A Tale of Two Cities By Charles Dickens Book 1: Chapter 6 - The Shoemaker

Mr. Lorry came silently forward, leaving the daughter by the door. When he had stood, for a minute or two, by the side of Defarge, the shoemaker looked up. He showed no surprise at seeing another figure, but the unsteady fingers of one of his hands strayed to his lips as he looked at it (his lips and his nails were of the same pale lead- colour), and then the hand dropped to his work, and he once more bent over the shoe. The look and the action had occupied but an instant.

"You have a visitor, you see,"said Monsieur Defarge.

"What did you say?"

"Here is a visitor."

The shoemaker looked up as before, but without removing a hand from his work.

"Come!"said Defarge. "Here is monsieur, who knows a well-made shoe when he sees one. Show him that shoe you are working at. Take it, monsieur."

Mr. Lorry took it in his hand.

"Tell monsieur what kind of shoe it is, and the maker's name."

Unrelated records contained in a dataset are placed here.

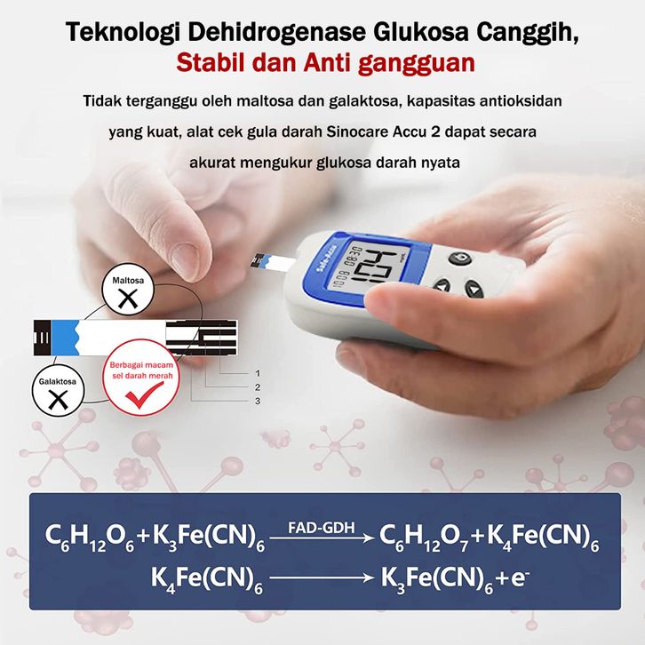 [TERMURAH] Sinocare Alat Tes Gula Darah Safe Accu2 Praktis .t BGM 200 Memori HCT 30-60.
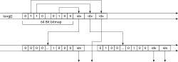 In this example implementation for a bitwise trie with bitmap, nodes are placed in an array of long (64-bit) integers. A node is identified by the position (index) in that array. The index of the root node marks the root of the trie.
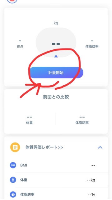 早速計測開始を押します。(この時点では、まだ体重計に乗らなくて大丈夫です)
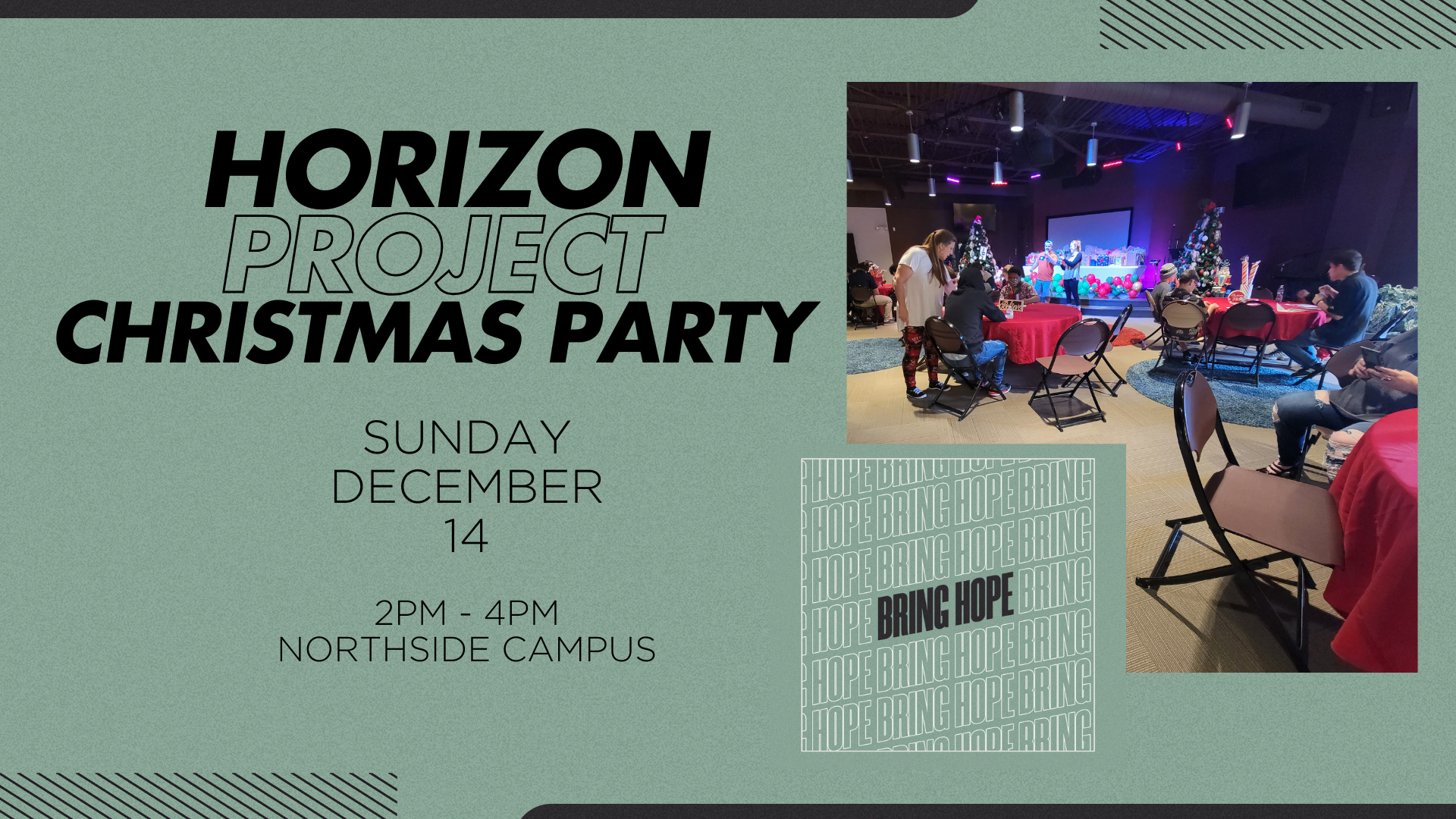 Join us in throwing a Christmas Party for youth of Horizon Project, one of our partners! The party will be Saturday, December 14 from 10am-2pm on our campus. Volunteers must be 18+ to serve and must complete a background check. Sign up to join us today!

There was a longer pause than usual, before the shoemaker replied:

"I forget what it was you asked me. What did you say?"

"I said, couldn't you describe the kind of shoe, for monsieur's information?"

"It is a lady's shoe. It is a young lady's walking-shoe. It is in the present mode. I never saw the mode. I have had a pattern in my hand."He glanced at the shoe with some little passing touch of pride.

"And the maker's name?"said Defarge.

Now that he had no work to hold, he laid the knuckles of the right hand in the hollow of the left, and then the knuckles of the left hand in the hollow of the right, and then passed a hand across his bearded chin, and so on in regular changes, without a moment's intermission. The task of recalling him from the vagrancy into which he always sank when he had spoken, was like recalling some very weak person from a swoon, or endeavouring, in the hope of some disclosure, to stay the spirit of a fast-dying man.

"Did you ask me for my name?"

"Assuredly I did."

"One Hundred and Five, North Tower."

"Is that all?"

"One Hundred and Five, North Tower."

With a weary sound that was not a sigh, nor a groan, he bent to work again, until the silence was again broken.

"You are not a shoemaker by trade?"said Mr. Lorry, looking steadfastly at him.

His haggard eyes turned to Defarge as if he would have transferred the question to him: but as no help came from that quarter, they turned back on the questioner when they had sought the ground.

"I am not a shoemaker by trade? No, I was not a shoemaker by trade. I-I learnt it here. I taught myself. I asked leave to — "

He lapsed away, even for minutes, ringing those measured changes on his hands the whole time. His eyes came slowly back, at last, to the face from which they had wandered; when they rested on it, he started, and resumed, in the manner of a sleeper that moment awake, reverting to a subject of last night.